ブランド品やパーティーは「浪費」でしかない
一方で、お金持ちにとって、浪費なんてもってのほかだ。飲んだり食べたりして、そのうえ自慢話をして、騒ぐだけのパーティにも出かけない。
会社を経営していればなおさらだ。僕は、常に僕の代わりに働いている社員のことを考えている。もし、社員がそんな姿を見たら、どう思うかをまず考える。多分、社員は「社長の夜の楽しみのために、自分たちはこんなに遅くまで働いているんじゃない」と思うだろう。
それは労働意欲を低下させることになるし、優秀な社員は転職を考える。そんなことになったら、会社にとっては大きな損失だ。「本当のお金持ち」にとって、自分をお金持ちに見せるだけのファッションや集まりに使うのは、無駄なものに費やす「浪費」でしかない。
このように、お金持ちはお金の使い方にメリハリをつけている。浪費をしないで、生きたお金を使うのが本当のお金持ちなんだ。君たちも、お小遣いを何に使って、何に使わないのか、意識するところから始めてみてほしい。
「浪費」は「死に金」ともいう。使った後に価値を生まないお金だ。お金持ちに見られたいだけの人は浪費する。浪費している以上、いくら稼いでもお金は貯まらない。
資産家がお金をかけているもの
この「死に金」の反対が「生き金」だ。使っても何かしら次につながる、価値のあるお金だ。先ほど話した広告への投資も同じだ。本当のお金持ちは、そんな生きたお金の使い方をする。

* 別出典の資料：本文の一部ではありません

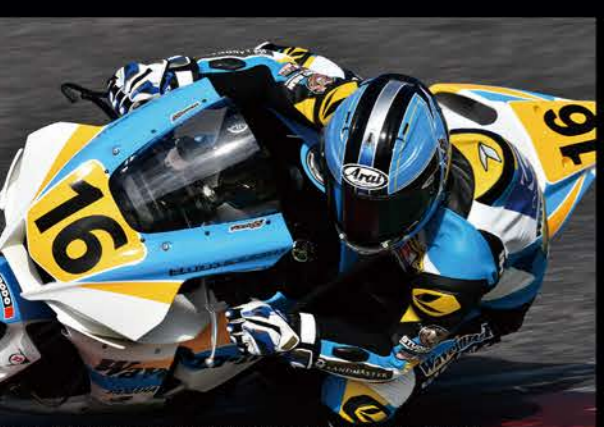
Race1 14位/Race2 15位 #16 Waveinn-R 中富 伸一 YZF-R1

その代表が株式や不動産への投資だ。投資は利益を生む。ものを買う時も、「投資」を前提に検討する。車ならリセール(売却価値)の高い車種を買う。500万円で購入しても、数年後に485万円で売却できれば節税効果もあり、充分に元が取れるよう購入前に計算をして車種を選ぶ。
将来的に収益をもたらす可能性のある財産を「資産」という。本当のお金持ちは、この生きたお金を使って資産を築くのが抜群にうまい。そして、お金持ちが扱う資産は、有価証券、土地など、物理的な形を持つ「有形資産」に留まらない。
自分自身の価値を高め、将来的に収益を生み出す源泉となるスキル、経験、知識といった、物理的な形を持たない「無形資産」にも生きたお金を使う。たとえば、自己投資。自分自身を成長させるために資格取得などのスクールに通うのも、価値が減らないお金の使い方だ。